## What you need to do
Apart from the images, repeat the data below exactly as written.

## Dataset excerpt
□ □ □

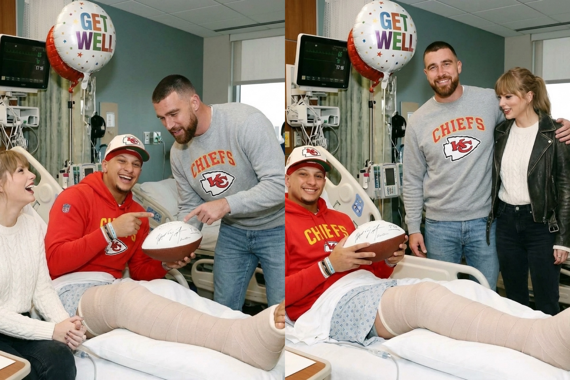 Just days after the devastating snap that silenced Arrowhead Stadium, a heartwarming scene unfolded at a Kansas City hospital. Patrick Mahomes, recovering from surgery to repair a torn ACL suffered in Sunday’s clash against the Los Angeles Chargers, received a high-profile surprise visit from his “brother” Travis Kelce and pop superstar Taylor Swift.
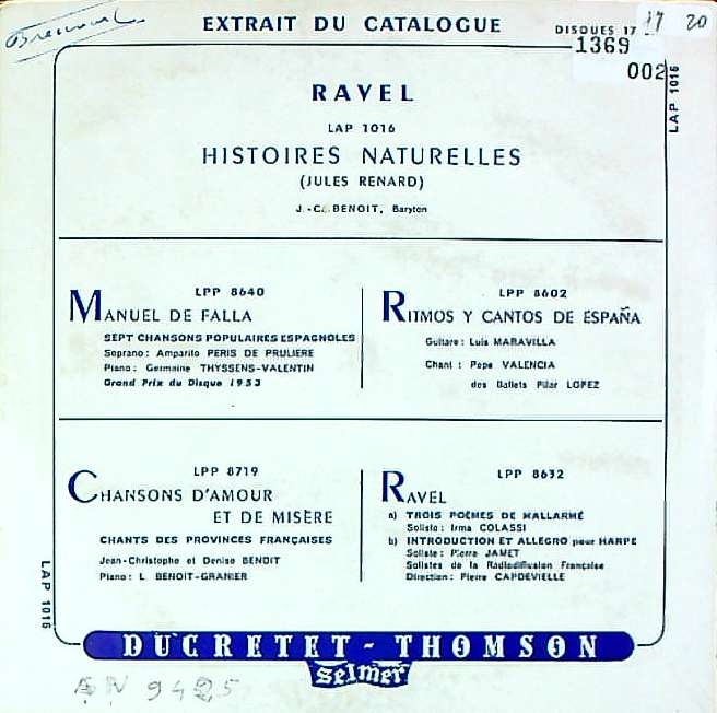 商品コード:1369-002[Ducretet Thomson] J.C.ブノワ(br) J.ルメール(pf) / ラヴェル:歌曲集「博物誌」(全5曲)
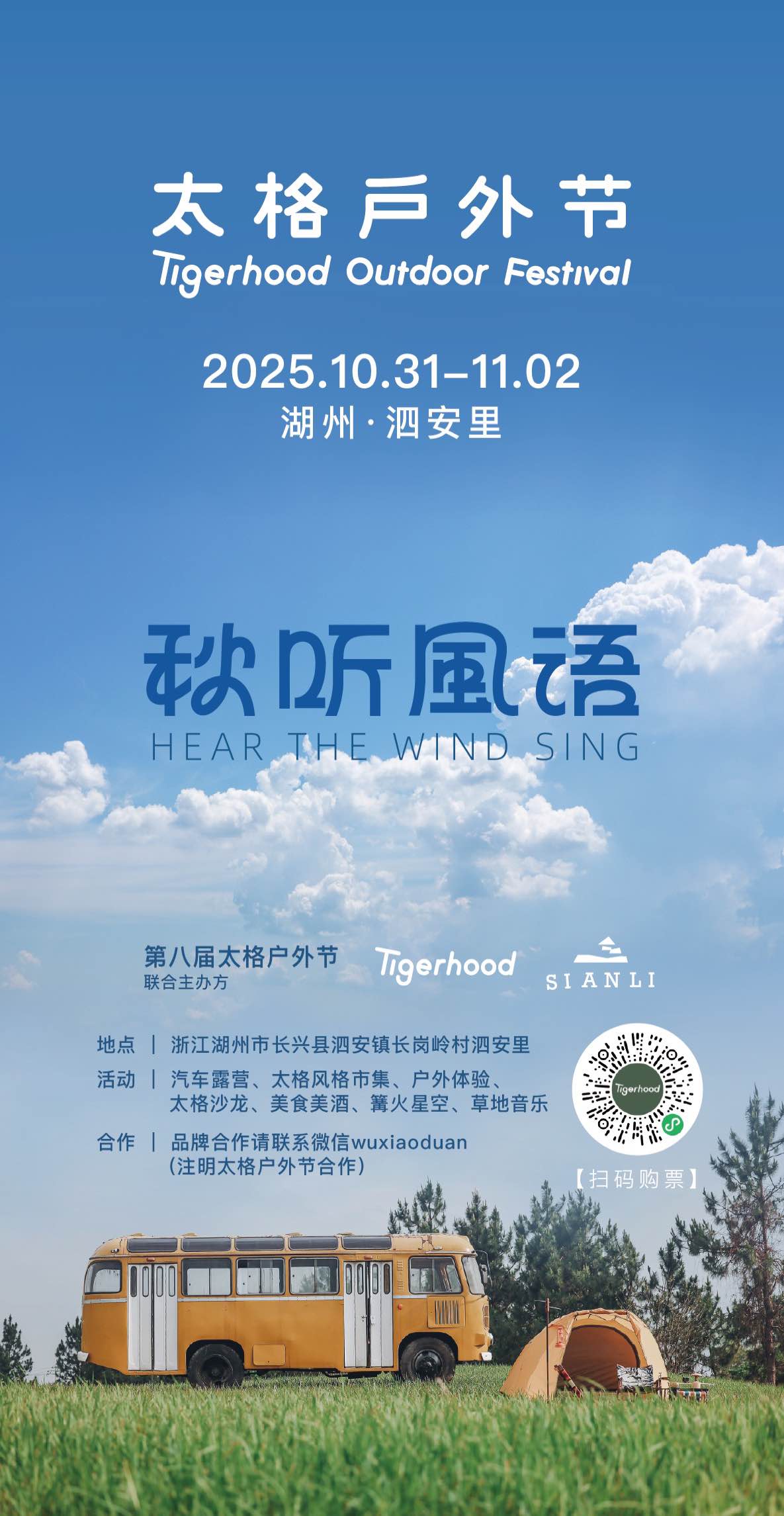 第八届太格户外节,由太格有物携手泗安里联合主办,活动时间为2025年10月31日-11月2日,并以「 秋听风语 HEAR THE WIND SING 」为活动主题。秋风吹落第一片落叶,太格户外节邀你开着露营车,共赴泗安里山野,解锁秋日最治愈的欢聚记忆。
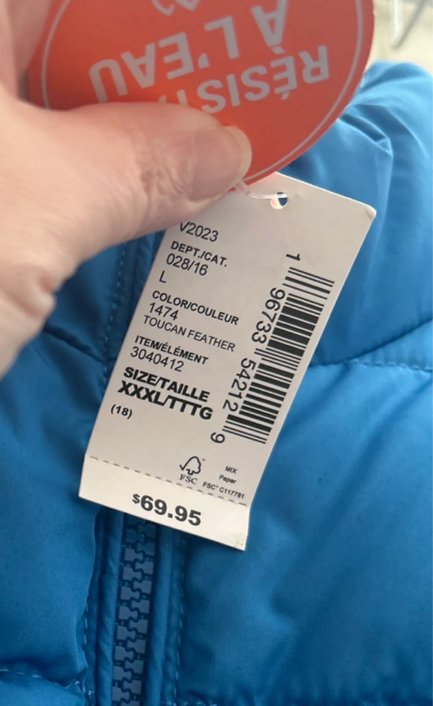Here's a bright blue puffer jacket that's water resistant! It's lightweight and perfect for layering on those chilly Canadian days.

□ □ □

## Response to the exercise
 Just days after the devastating snap that silenced Arrowhead Stadium, a heartwarming scene unfolded at a Kansas City hospital. Patrick Mahomes, recovering from surgery to repair a torn ACL suffered in Sunday’s clash against the Los Angeles Chargers, received a high-profile surprise visit from his “brother” Travis Kelce and pop superstar Taylor Swift.
 商品コード:1369-002[Ducretet Thomson] J.C.ブノワ(br) J.ルメール(pf) / ラヴェル:歌曲集「博物誌」(全5曲)
 第八届太格户外节,由太格有物携手泗安里联合主办,活动时间为2025年10月31日-11月2日,并以「 秋听风语 HEAR THE WIND SING 」为活动主题。秋风吹落第一片落叶,太格户外节邀你开着露营车,共赴泗安里山野,解锁秋日最治愈的欢聚记忆。
Here's a bright blue puffer jacket that's water resistant! It's lightweight and perfect for layering on those chilly Canadian days.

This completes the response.